How dare you asking me the question? 🙂 It is a challenging sector, I love being surrounded by passionate people like geeky ethical hackers, VCs who will know new products available on the market, or business partners eager to leverage some of our solutions to answer our clients needs. “Is there enough women in Cyber?”, definitely not. In my department we are closed to gender parity knowing that my only recruitment criteria remains competency and behaviour.
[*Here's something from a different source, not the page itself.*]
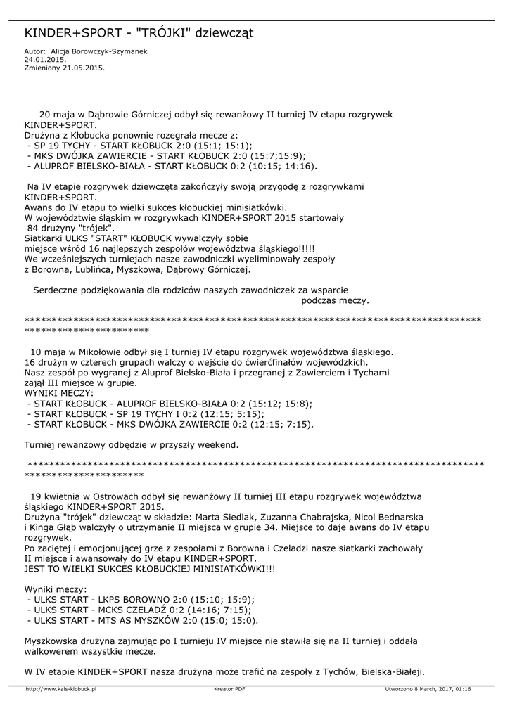 KINDER+SPORT - "TRÓJKI" dziewcząt Autor: Alicja Borowczyk-Szymanek 24.01.2015. Zmieniony 21.05.2015. 20 maja w Dąbrowie Górniczej odbył się rewanżowy II turniej IV etapu rozgrywek KINDER+SPORT. Drużyna z Kłobucka ponownie rozegrała mecze z: - SP 19 TYCHY - START KŁOBUCK 2:0 (15:1; 15:1); - MKS DWÓJKA ZAWIERCIE - START KŁOBUCK 2:0 (15:7;15:9); - ALUPROF BIELSKO-BIAŁA - START KŁOBUCK 0:2 (10:15; 14:16). Na IV etapie rozgrywek dziewczęta zakończyły swoją przygodę z rozgrywkami KINDER+SPORT. Awans do IV etapu to wielki sukces kłobuckiej minisiatkówki. W województwie śląskim w rozgrywkach KINDER+SPORT 2015 startowały 84 drużyny "trójek". Siatkarki ULKS "START" KŁOBUCK wywalczyły sobie miejsce wśród 16 najlepszych zespołów województwa śląskiego!!!!! We wcześniejszych turniejach nasze zawodniczki wyeliminowały zespoły z Borowna, Lublińca, Myszkowa, Dąbrowy Górniczej. Serdeczne podziękowania dla rodziców naszych zawodniczek za wsparcie podczas meczy. ************************************************************************************ *********************** 10 maja w Mikołowie odbył się I turniej IV etapu rozgrywek województwa śląskiego. 16 drużyn w czterech grupach walczy o wejście do ćwierćfinałów wojewódzkich. Nasz zespół po wygranej z Aluprof Bielsko-Biała i przegranej z Zawierciem i Tychami zajął III miejsce w grupie. WYNIKI MECZY: - START KŁOBUCK - ALUPROF BIELSKO-BIAŁA 0:2 (15:12; 15:8); - START KŁOBUCK - SP 19 TYCHY I 0:2 (12:15; 5:15); - START KŁOBUCK - MKS DWÓJKA ZAWIERCIE 0:2 (12:15; 7:15). Turniej rewanżowy odbędzie w przyszły weekend. ************************************************************************************ ********************** 19 kwietnia w Ostrowach odbył się rewanżowy II turniej III etapu rozgrywek województwa śląskiego KINDER+SPORT 2015. Drużyna "trójek" dziewcząt w składzie: Marta Siedlak, Zuzanna Chabrajska, Nicol Bednarska i Kinga Głąb walczyły o utrzymanie II miejsca w grupie 34. Miejsce to daje awans do IV etapu rozgrywek. Po zaciętej i emocjonującej grze z zespołami z Borowna i Czeladzi nasze siatkarki zachowały II miejsce i awansowały do IV etapu KINDER+SPORT. JEST TO WIELKI SUKCES KŁOBUCKIEJ MINISIATKÓWKI!!! Wyniki meczy: - ULKS START - LKPS BOROWNO 2:0 (15:10; 15:9); - ULKS START - MCKS CZELADŹ 0:2 (14:16; 7:15); - ULKS START - MTS AS MYSZKÓW 2:0 (15:0; 15:0). Myszkowska drużyna zajmując po I turnieju IV miejsce nie stawiła się na II turniej i oddała walkowerem wszystkie mecze. W IV etapie KINDER+SPORT nasza drużyna może trafić na zespoły z Tychów, Bielska-Białeji. http://www.kals-klobuck.pl Kreator PDF Utworzono 8 March, 2017, 01:16 Czekamy cierpliwie na wyniki meczy z grup 35 i 36. *********************************************************************************** ************ 12 kwietnia (niedziela) na hali Gimnazjum w Kłobucku rozegrany został I turniej III etapu rozgrywek KINDER+SPORT dla okręgu częstochowsko zawierciańskiego. Do Kłobucka przyjechały drużyny z Ostrów, Borowna, Częstochowy, Dąbrowy Górniczej, Myszkowa, Czeladzi. Obsługę sędziowską sprawowały zawodniczki ULKS START KŁOBUCK, grające na co dzień w Kobiecej Amatorskiej Lidze Siatkówki powiatu kłobuckiego: Dorota Szymczyńska, Izabela Supernak, Marta Winecka, Barbara Masternak i Dorota Kubicka. Zespoły po wcześniejszych awansach trafiły do grupy 33 i 34. Kłobucka trójeczka (Marta Siedlak, Zuzanna Chabrajska, Nicol Bednarska i Kinga Głąb) rozegrała swoje mecze (grupa 34) z Borownem, Myszkowem i Czeladzią. Wyniki spotkań w grupie 34 podczas I turnieju: ULKS START KŁOBUCK - LKPS BOROWNO 2:0 (17:15; 15:8); ULKS START KŁOBUCK - MTS AS MYSZKÓW 2:0 (17:15; 15:11); ULKS START KŁOBUCK - MCKS CZELADŹ 0:2 (9:15; 9:15); MTS AS MYSZKÓW - LKPS BOROWNO 0:2 (12:15; 11:15); MTS AS MYSZKÓW - MCKS CZELADŹ 0:2 (9:15; 6:15); MCKS CZELADŹ - LKPS BOROWNO 2:0 (6:15; 9:15). Wyniki grupy 34 po I turnieju III etapu rozgrywek KINDER+SPORT 2015: I miejsce - MCKS CZELADŹ - 6 pkt., II miejsce - ULKS START KŁOBUCK - 5 pkt., III miejsce - LKPS BOROWNO - 4 pkt., IV miejsce - MTS AS MYSZKÓW - 3 pkt.. Kłobucka drużyna, aby awansować musi po II turnieju utrzymać II miejsce w grupie. Do IV etapu rozgrywek przechodzą zespoły z miejsca I i II. Grupa 33 - Ostrowy, Częstochowa, Dąbrowa Górnicza i Zawiercie (drużyna usprawiedliwiła swoją nieobecność i wszystkie mecze rozegra podczas II turnieju). Wyniki grupy 33: UKS DĄBROWIAK D. G. - KS CZĘSTOCHOWIANKA 2:0 (15:13; 15:11); UKS DĄBROWIAK - UKS TYTAN OSTROWY 2:1 (11:15; 15:10; 11:5); KS CZĘSTOCHOWIANKA - UKS TYTAN OSTROWY 1:2 (15:11; 15:17; 7:11). ********************************************************************************** **** 29 marca - II rewanżowy turniej II etapu rozgrywek KINDER+SPORT w Czeladzi. Kłobuckie siatkareczki spisały się rewelacyjnie pokonując swoje rywalki w grupie we wszystkich meczach 2:0 lub 2:1. Ponieważ drużyna "Dąbrowiaka" Dąbrowa Górnicza usprawiedliwiła swoją nieobecność podczas I turnieju II etapu to w niedzielnych zawodach rozgrywała zaległe mecze. Nasza "trójeczka" ponownie pokonała zespoły z Borowna 2:0 a drużynę z Dąbrowy w pierwszym meczu 2:1 i w drugim 2:0. WYNIKI II TURNIEJU II ETAPU KINDER+SPORT: - "DĄBROWIAK" DĄBROWA GÓRNICZA - ULKS "START" KŁOBUCK - 1:2 (12:15; 15:13; 6:11); - LKPS BOROWNO IV - ULKS "START" KŁOBUCK - 0:2 (10:15; 6:15); - LKPS BOROWNO I - ULKS "START" KŁOBUCK - 0:2 (12:15; 7:15); - "DĄBROWIAK" DĄBROWA GÓRNICZA - ULKS "START" KŁOBUCK - 0:2 (12:15; 7:15). PUNKTACJA W GRUPIE 18: - ULKS "START" KŁOBUCK - 12 pkt., - "DĄBROWIAK" DĄBROWA GÓRNICZA - 8 pkt., http://www.kals-klobuck.pl Kreator PDF Utworzono 8 March, 2017, 01:16 - LKPS BOROWNO I - 4 pkt., - LKPS BOROWNO IV - 0 pkt.. Kłobucka drużyna ULKS "START" awansuje do III etapu rozgrywek KINDER+SPORT z I miejsca!!! W kolejnych dwóch turniejach dziewczęta zagrają z zespołami: - MT

This is unfortunately not the case everywhere. Last month (ISC)2 study revealed that women only represent 24% of the global cybersecurity workforce. Personally, from engineering school to being in the cybersec industry, I am used to work mainly with guys. I have so far been surrounded by great people and I don’t really feel a difference of being a woman when interacting with my colleagues or peers. That being said, when you realise that you are the only woman in the room in a meeting or at an event, then you start thinking about the lack of women in this industry. From my experience, there were much less girls interested in studying IT (studying infosec was not even an option). So I think education and woman experience feedback should be promoted at highschool level. Apart from the different perspectives women can bring, it would just be nicer for everyone to have more gender diversity in the room!
What do you do to bring more diversity ?
We never do enough to bring more diversity into this “Tech” world. Culture wise, my team is quite diverse with four different nationalities and coming from different backgrounds from studying actuarial at LSE to one of the first infosec staff of Starhub ! Also, I have recently joined several cyber security initiatives in Singapore: ISACA, Women in Security led by Magda Chelly and recently the French Tech Cyber Chapter,also led by two women! Joining those infosec groups is a way to encourage more women to join this fun cyber world.
Otherwise I invite anyone, men or women to join the Lean In community, which is led by Sheryl Sandberg (Facebook COO) and to read her book “Lean In” as it gives practical advice on how to cope in your professional and personal life. One point she is raising is that women actually tend to have the “Queen B” syndrome, meaning once they succeed to reach a certain professional level and are often the only woman in the group, some will not be enthusiastic to lose this “only woman” status and might be less supportive and welcoming than the rest of the team. We need to help each other much more to reach better gender balance in our industries.